Nuestra vida de familia volvió a la normalidad. Era como si Lázaro
hubiera hecho un viaje por pocos días y ya estuviera de vuelta con mejo
salud que antes. El país en cambio, estaba lleno de agitación y malestar.
Caifás, el sumo sacerdote, había dicho que era mejor que un solo hombre
muriera por todos, y esas palabras escondían oscuros presagios. Como
Betania estaba solo a tres kilómetros de Jerusalén, pasaban muchos
viajeros conocidos, que nos traían novedades de otros lugares.
Especialmente en ese momento, mucha gente viajaba hacia Jerusalén por
causa de la Pascua.
Faltaban seis días para esa gran fiesta religiosa de la nación
cuando Jesús volvió a Betania, el viernes 8 de Nisán. Simón un fiel
discípulo de Jesús, decidió hacer una cena en su casa para él y los
apóstoles que lo acompañaban, y también nos invitó a nosotros y a otros
amigos. Esa fue la última reunión social que tuvimos con Jesús. Marta
estaba atareada sirviendo la mesa. Yo entonces saqué de entre mis cosas
un frasco de alabastro que contenía medio litro de aceite genuino de
nardo, y ungí la cabeza de Jesús y derramé el resto en sus pies,
secándolos con mis cabellos.
Ese perfume era una de mis valiosas posesiones, algo que podía
conservarse interminablemente para venderlo muy bien en cualquier
momento de apretura económica, pues equivalía en valor al salario de un
año de cualquier trabajador común. Pero, ¿acaso Jesús no había hecho lo
mas valioso que podía hacer por nuestra familia al darnos la verdad y
devolvernos a nuestro hermano? ¡Ni con todo el aceite de nardo que
hubiera en el mundo podríamos recompensarles sus favores! Sin
embargo cuando el perfume se extendió por toda la casa, algunos
mostraron resentimiento porque aquel producto tan costoso podía
haberse vendido para aumentar el fondo para obras de beneficencia, en
vez de derramarlo así, de una sola vez. Jesús me defendió diciendo que
yo me había anticipado a prepararlo para el entierro.
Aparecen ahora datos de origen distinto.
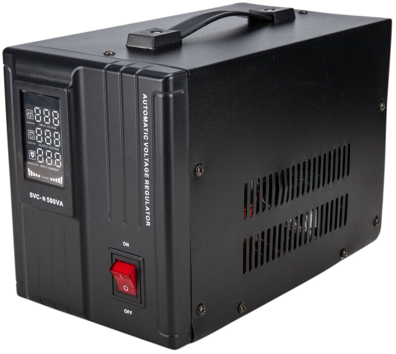 Stabilizatorul de tensiune, este un aparat electric ce stabilizeaza tensiunea electrica in jurul valorii de 220V/230V, protejand astfel echipamentele electrice si electrocasnice impotriva fluctuatiilor de tensiune. Datorita constructiei robuste si a componentelor de calitate, s-a reusit atingerea unui factor de putere de 0.8, avand astfel un raport pret/calitate foarte bun. Desi stabilizatorul reuseste sa functioneze in intervalul 150-280V tensiune la priza, trebuie tinut cont de faptul ca la un voltaj mic de intrare, puterea totala la iesire scade cu pana la 50%.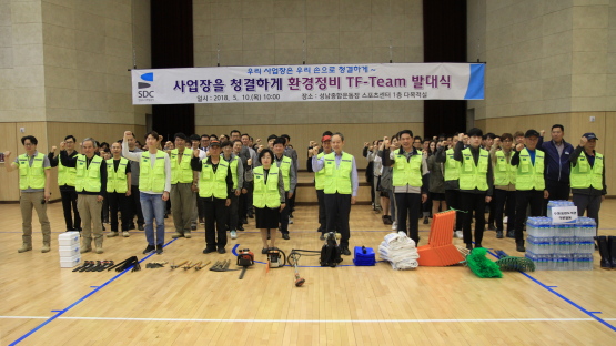 성남도시개발공사(사장 황호양)가 청결한 지역사회 환경조성과 공기업으로서의 사회적 책무 이행을 위해 환경정비 TF팀을 구성, 10일 발족했다.

Esa fue la triste verdad. A los pocos días, los enemigos de Dios
estaban celebrando un triunfo pasajero al lograr su muerte. Al Server día
la situación fue revertida. Como en el caso de Lázaro, Dios cambió el
triunfo de ellos en humillante fracaso. La muerte una vez más fue vencida
y despojada de su valioso botín. Ahora todos los seguidores de Jesús
sabemos que un día será reducida a la nada, cuando el que le dio sus
armas sea arrojado inconsciente en el abismo.